**TASK DETAILS**
Nothing but the pictures may be dropped; the rest of the listing is to be written out exactly.

**DATA SEGMENT**
··········

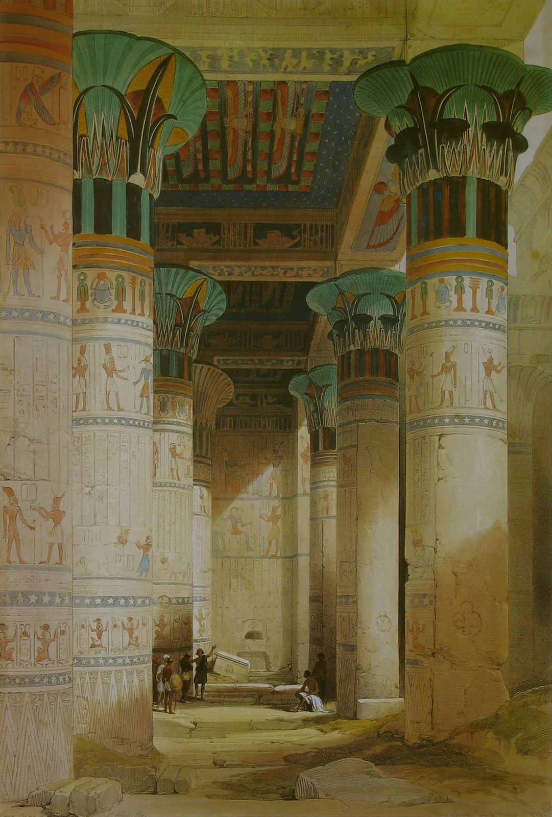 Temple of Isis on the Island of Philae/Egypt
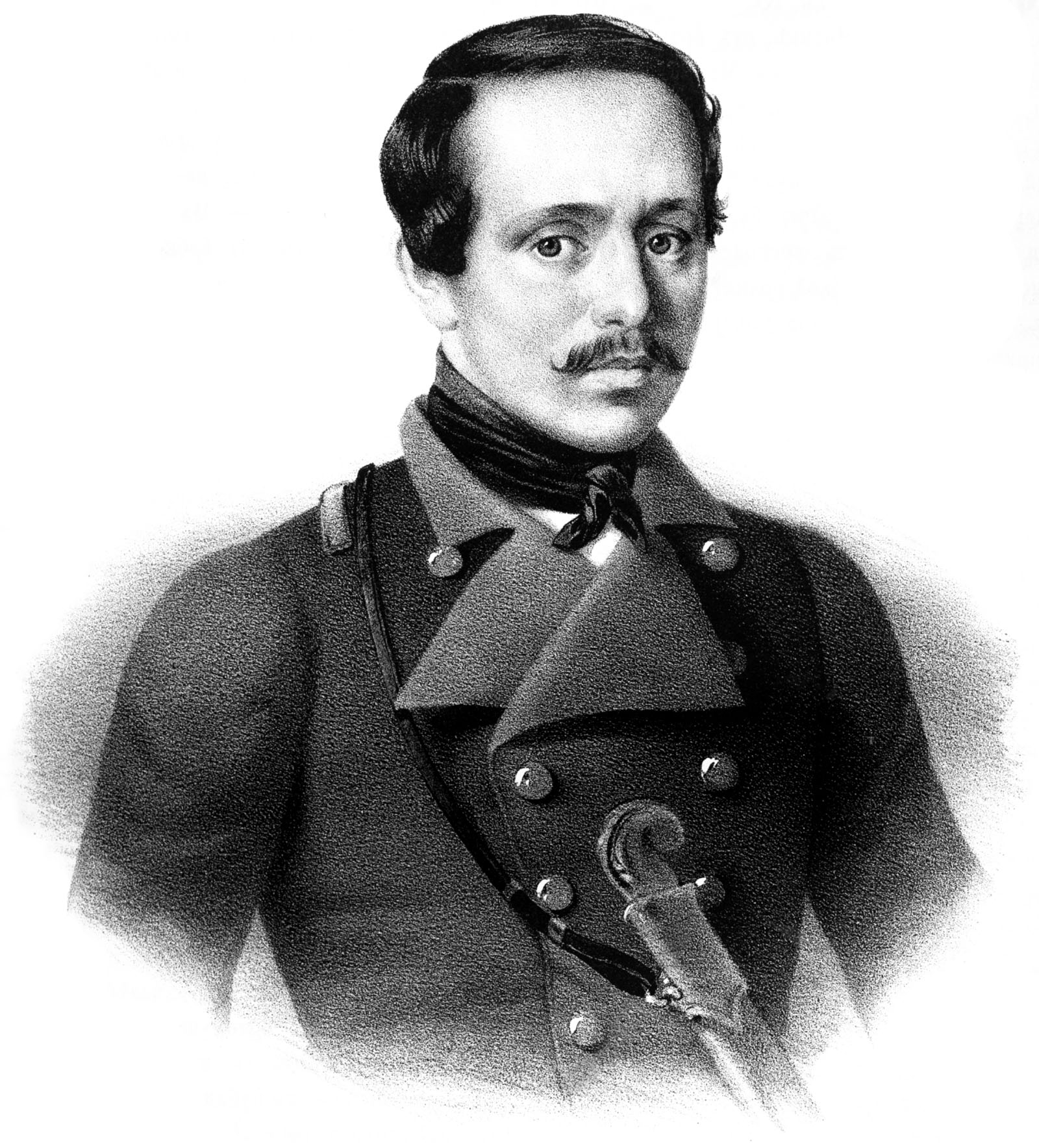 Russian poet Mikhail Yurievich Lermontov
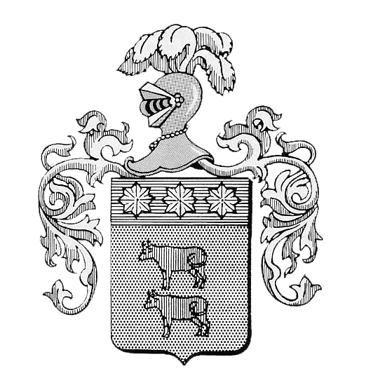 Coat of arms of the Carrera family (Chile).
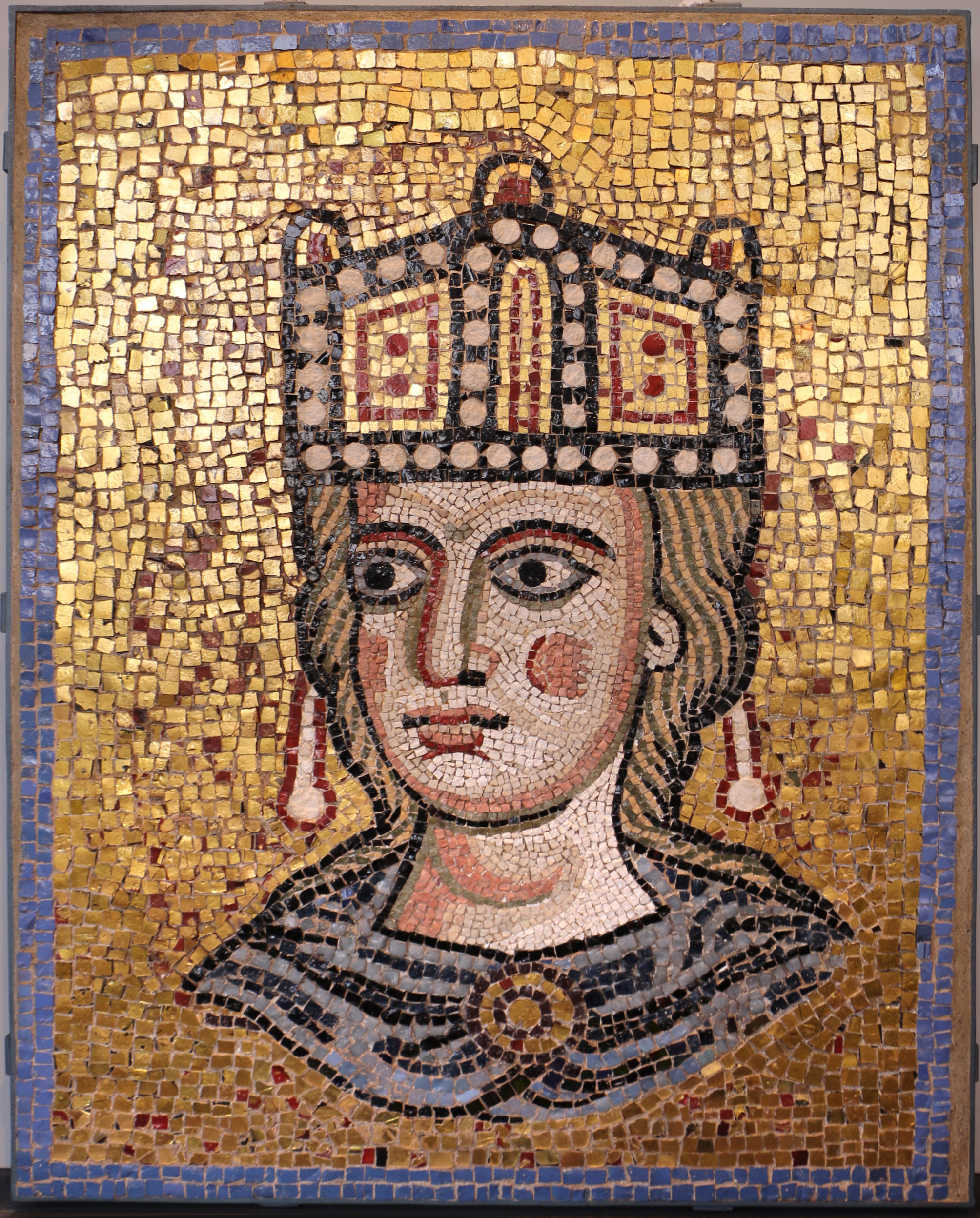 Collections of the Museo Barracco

··········

**OUTPUT OF THE EXERCISE**
 Temple of Isis on the Island of Philae/Egypt
 Russian poet Mikhail Yurievich Lermontov
 Coat of arms of the Carrera family (Chile).
 Collections of the Museo Barracco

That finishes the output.